In this study, we have compared 51 patients with NMIBC and 47 healthy controls as Cohort 1 to explore the clinical relevance of altered urinary microbiota with the development of NMIBC. Then, the functional composition of the urinary microbiome was compared between NMIBC patients and controls by COG and KEGG pathway analysis. Eubacterium sp. CAG:581 was confirmed to promote the growth of NMIBC organoids by activating ECM1/ERK1/2 phosphorylation/MMP9. Lastly, we used multivariate Cox modeling to investigate the clinical relevance of urinary Eubacterium sp. CAG:581 abundance with the prognosis of 406 NMIBC patients as Cohort 2, which suggested that urinary Eubacterium sp. CAG:581 could be used for the early diagnosis and prognosis of NMIBC. Therefore, the phosphorylation of ERK1/2 signaling could regulate numerous transcription factors, which are known to activate the transcription of a broad number of MMPs. Herein, we found that inhibiting ERK1/2 phosphorylation resulted in decreased MMP-9 expression, indicating the mediation of ERK1/2 in promoting NMIBC progression. A similar study performed by Lee et al. showed tandem decreases in MMP-9 mRNA levels following the inhibition of ERK1/2 phosphorylation in rhabdomyosarcoma, fibrosarcoma, bladder, colon, and prostate carcinoma cells [41], which is in accordance with the results for the NMIBC patients of this study.
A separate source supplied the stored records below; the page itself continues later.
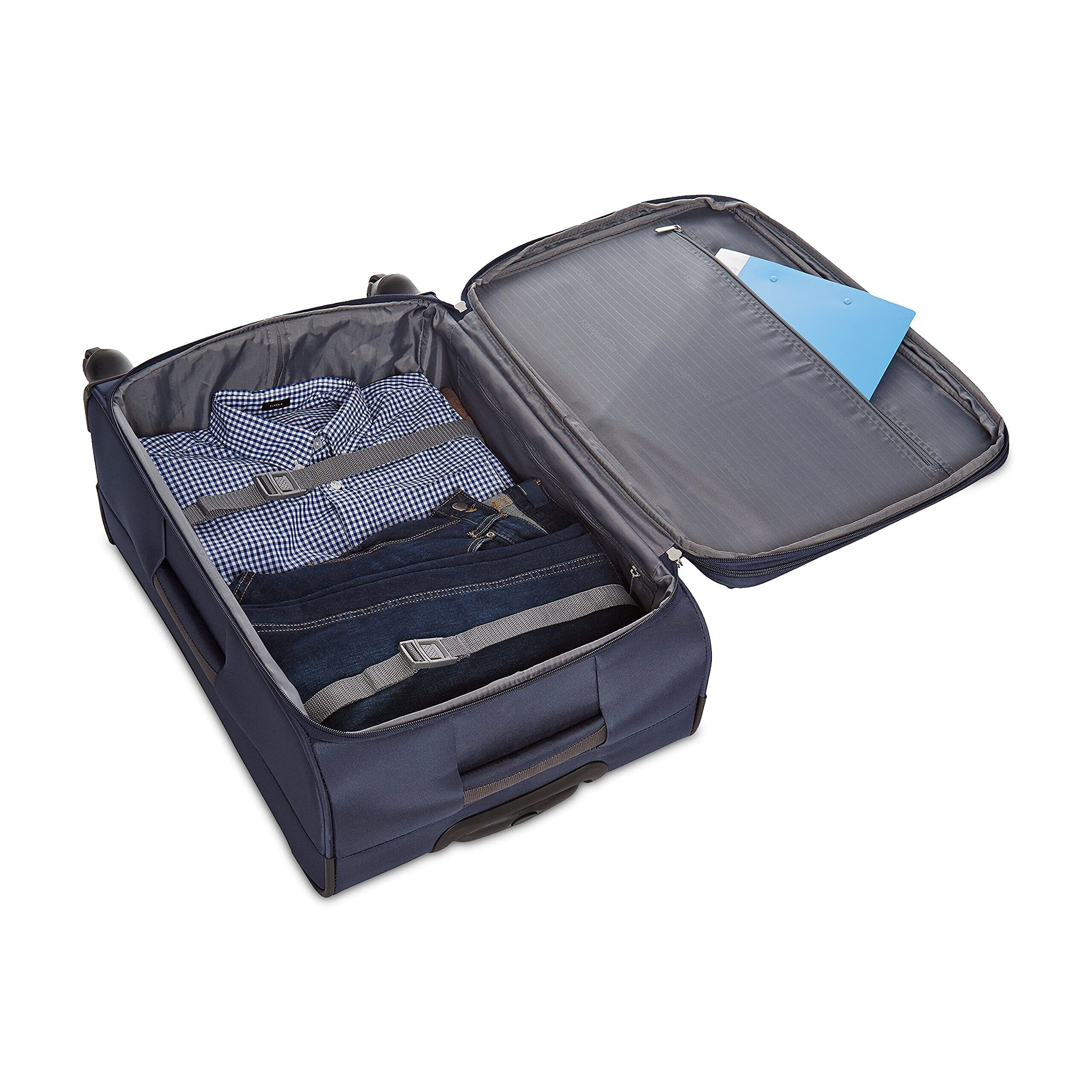 ソフトサイドデザインは、(ハードサイドに比べて)狭いスペースによりフィットしやすいように少したたむことができます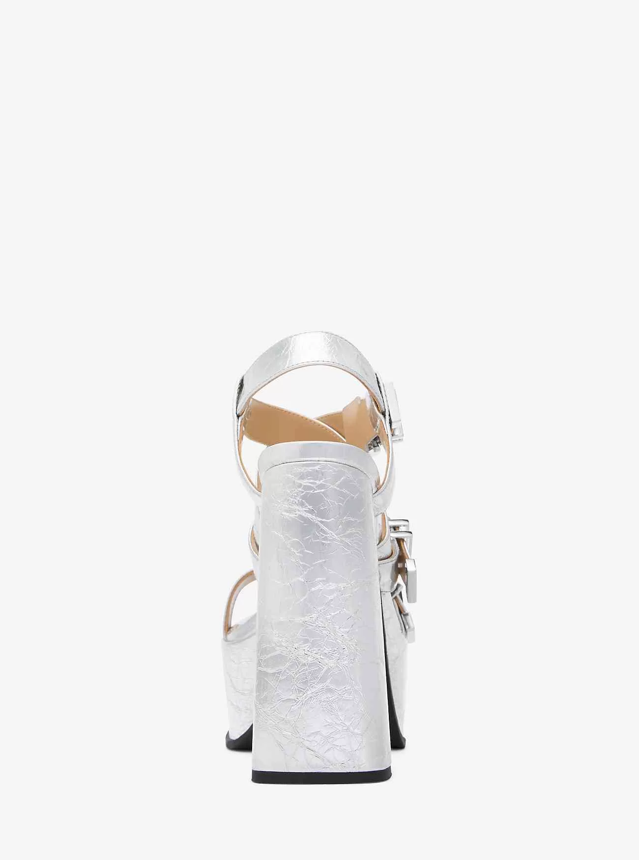 Vänd på huvudet i vår Darrington-plattformssandal. Den här skyhöga läderstilen definieras av en metallisk, krackelerad finish och kombinerar en skyhög häl med polerade spännen inspirerade av en arkivdesign. De kommer att få dig att klä dig från fötterna och upp.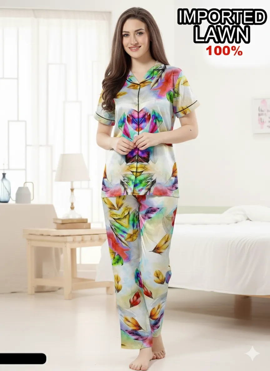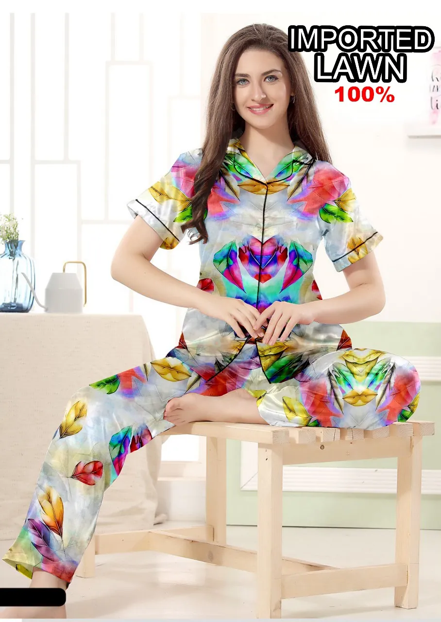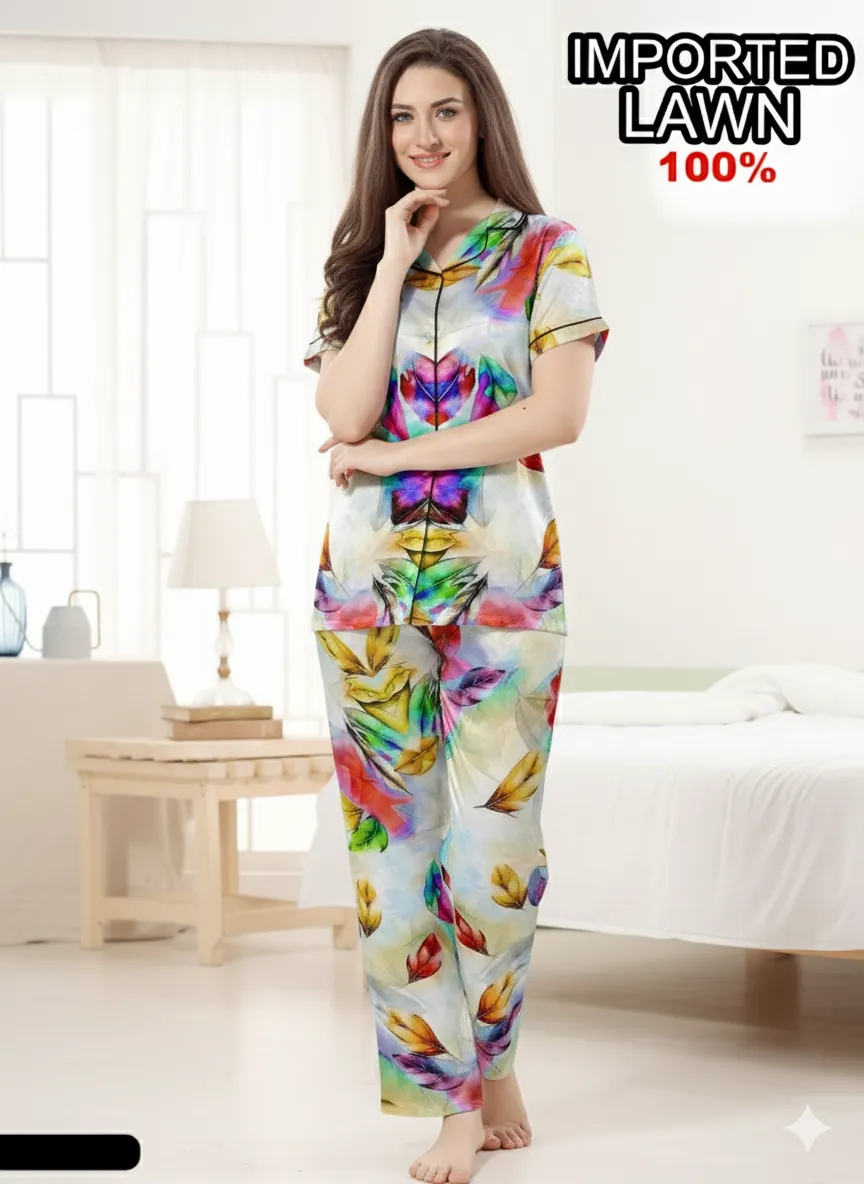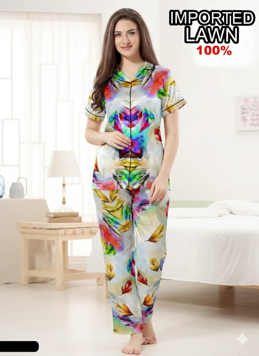 Colorful Floral Printed 2-Piece Lawn Night Suit for Women – Imported Fabric – Medium & Large

In addition, as the amount of Eubacterium sp. CAG:581 has influenced the expression of ERK1/2 phosphorylation and MMP9, ECM1 is also positioned as a potential therapeutic target for the functional transcriptional network with Eubacterium sp. CAG:581-induced NMIBC migration and invasion.
The normal flora of microbial colonies has developed over a long historical evolutionary process and reside both outside and inside the human body. Microbial flora exists in the oral cavity, urinary tract, and intestinal tract. These florae have been found to have a tremendous effect on their hosts. Intestinal flora has been widely used in the early-stage diagnosis of neurodegenerative diseases, mood disorders, and lung diseases, as well as in predicting the recurrence of digestive tract cancers [42,43,44]. In recent studies, a wealth of research on urinary flora has confirmed that bacteria in urine may play an essential role in many urinary disorders, such as urge incontinence [45]. The study of Thomas White et al. found that bacterial diversity of urinary flora was associated with high body mass index, hormonal status, and symptoms of urge incontinence [46]. Several studies of bioinformatics analysis have also shown that among NMIBC patients, the relative abundance of Sphingomonas, Immunobacterium, Aeromonas, and Bacillus spp. in the urinary flora of the tumor group was significantly higher than in the control group [11,47]. However, more detailed underlying validation is required for these predictions. In this study, MMP9 served as the downstream executor of NMIBC growth. It belongs to the family of zinc-dependent endopeptidases with proteolytic activity against extracellular matrix components and involved in numerous physiological and pathological processes, including tissue remodeling, embryonic development, tumor growth, and metastasis [48,49]. Previous studies have revealed that MMP-9 is involved into the whole process of pathogenesis in bladder cancer [48,50,51]; however, the present study has only focused on the occurrence of NIMBC. We are constructing a cohort to compare NMIBC patients and MIBC patients for further validating the Eubacterium sp. CAG:581 signature in the conversion from NMIBC into MIBC.

5. Conclusions

In conclusion, understanding the mechanisms contributed by urine bacterium to NMIBC development has the potential to improve its early-stage diagnostic decisions. This study presents a novel mechanism of Eubacterium sp. CAG:581 in upregulating the ECM1–MMP9 axis and identifies Eubacterium sp. CAG:581 to be clinically useful in predicting the occurrence of NMIBC.

Supplementary Materials

The following supporting information can be downloaded at: https://www.mdpi.com/article/10.3390/cancers15030809/s1, Figure S1: Uncropped western blotting gels; Figure S2: Quantified grayscale ratio for western blot bands of Figure 3B (A) and Figure 3C (B); Table S1: Baseline information of NMIBC patients (n = 51) and healthy control participants (n = 47) in the Cohort 1; Table S2: Baseline information of NMIBC patients (n = 406) and healthy control participants (n = 398) in the Cohort 2; Table S3: Reagents and Materials; Table S4: Primers for RT-qPCR assay.

Author Contributions

The writing of the manuscript was completed by Y.Z. and W.W.; Y.C. has conceived the whole study; experiments were performed by Y.Z. and H.Z.; and data collection was conducted by W.W. All authors have discussed the results and reviewed the manuscript. All authors have read and agreed to the published version of the manuscript.

Funding

This project was supported by the National Natural Science Foundation of China (82204515), the National High Level Hospital Clinical Research Funding (Research Achievement Transformation Project of Peking University First Hospital) (2022RT04), and the Research Seed Fund of Peking University First Hospital (2022SF04).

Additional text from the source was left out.